Stocks struggled and the yen gained on Wednesday, with markets in China faltering on their return from a long holiday as investors fretted over Sino-U.S. tensions, while oil ended an extended winning streak on oversupply risks amid weak demand.
- Wall Street futures turned negative after starting higher, with E-minis for the S&P500 ESc1 off 0.3%.
- China, opening for the first time since Thursday, started on the backfoot with the blue-chip index .CSI300 down 0.6%.
- Australian shares skidded 0.8%.
- Hong Kong’s Hang Seng index .HSI added 0.7%.
- South Korea’s KOSPI was also upbeat, rising 1%.
- Japanese markets were closed for a public holiday.
- That left MSCI’s broadest index of Asia Pacific shares outside of Japan .MIAPJ0000PUS up 0.3% in relatively light volumes.
- The euro EUR= hit a one-week low of $1.0826 overnight and slumped to a three-year trough of 115.09 yen EURJPY= in Asia, as traders fretted about both the scheme and the euro’s future.
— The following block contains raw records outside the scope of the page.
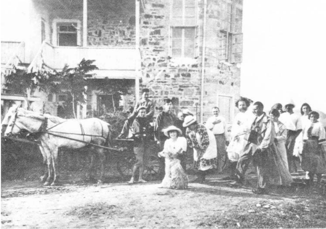
1913 г. Отъезд Цветаевой из Коктебеля
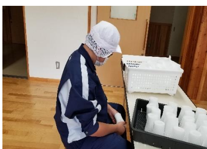
〔商工会委託作業（シール貼り作業）〕
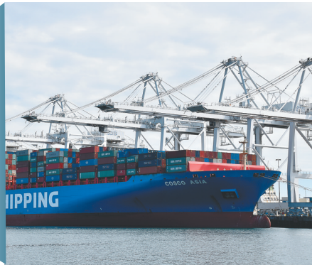
2月27日,中国货轮停靠在美国加利福尼亚州长滩港。

12月13日,中方宣布,经过中美两国经贸团队的共同努力,双方在平等和相互尊重原则的基础上,已就中美第一阶段经贸协议文本达成一致。一年来,中美经贸磋商经历曲折。6月,中美两国元首在大阪会晤,一致同意在平等和相互尊重基础上重启经贸磋商。此后双方经贸团队落实两国元首共识持续磋商,妥善解决彼此核心关切。中美达成这样的协议有利于中美两国和世界,将在经贸、投资、金融市场等方面产生积极效应。
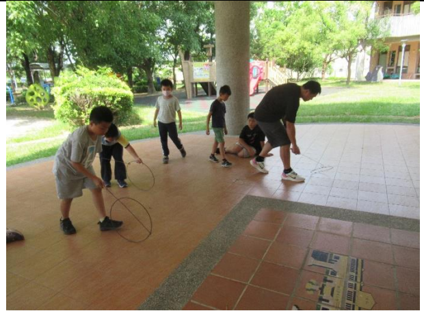
所有的運動器材都能自由取用，落實下課教室淨空
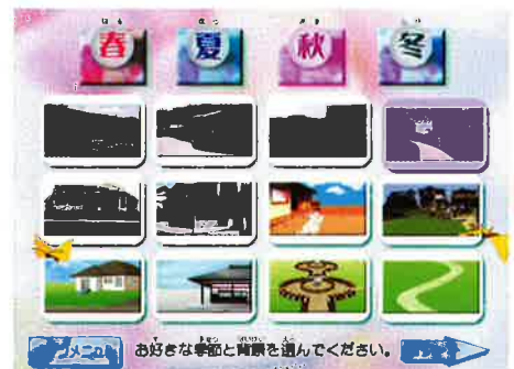
「花だんづくり」お好みの季節と背景を選んで...

- The safe-haven yen JPY= cracked through resistance against the dollar to hit a seven-week high of 106.20.
- The Aussie AUD=D3 and kiwi NZD=D3 slipped slightly on the greenback, though held above 64 cents and 60 cents respectively.
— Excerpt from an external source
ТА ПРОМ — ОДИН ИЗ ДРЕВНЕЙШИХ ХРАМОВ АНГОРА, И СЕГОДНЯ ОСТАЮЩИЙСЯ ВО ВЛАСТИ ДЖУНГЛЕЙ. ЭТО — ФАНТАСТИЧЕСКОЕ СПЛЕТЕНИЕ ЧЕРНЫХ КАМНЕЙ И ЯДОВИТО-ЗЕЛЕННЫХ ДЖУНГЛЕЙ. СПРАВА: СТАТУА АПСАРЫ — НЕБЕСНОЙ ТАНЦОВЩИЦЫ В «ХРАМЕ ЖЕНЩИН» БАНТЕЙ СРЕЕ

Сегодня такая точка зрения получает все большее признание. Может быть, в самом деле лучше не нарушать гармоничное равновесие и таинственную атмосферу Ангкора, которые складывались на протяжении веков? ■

- The pound GBP= was steady at $1.2431.
- The dollar index =USD was flat at 99.810.
Oil prices had gained recently as European and Asian countries had ended their lockdowns to halt the coronavirus spread and as producers had axed supply after the demand crunch.
But analysts cautioned the rebalancing of the market would be choppy.
- In commodities, U.S. crude futures CLc1 slipped 6 cents to $24.5 a barrel after five straight sessions of gains while Brent crude LCOc1 was flat at $30.97.
- Spot gold XAU= eased 0.2% to $1,702 an ounce.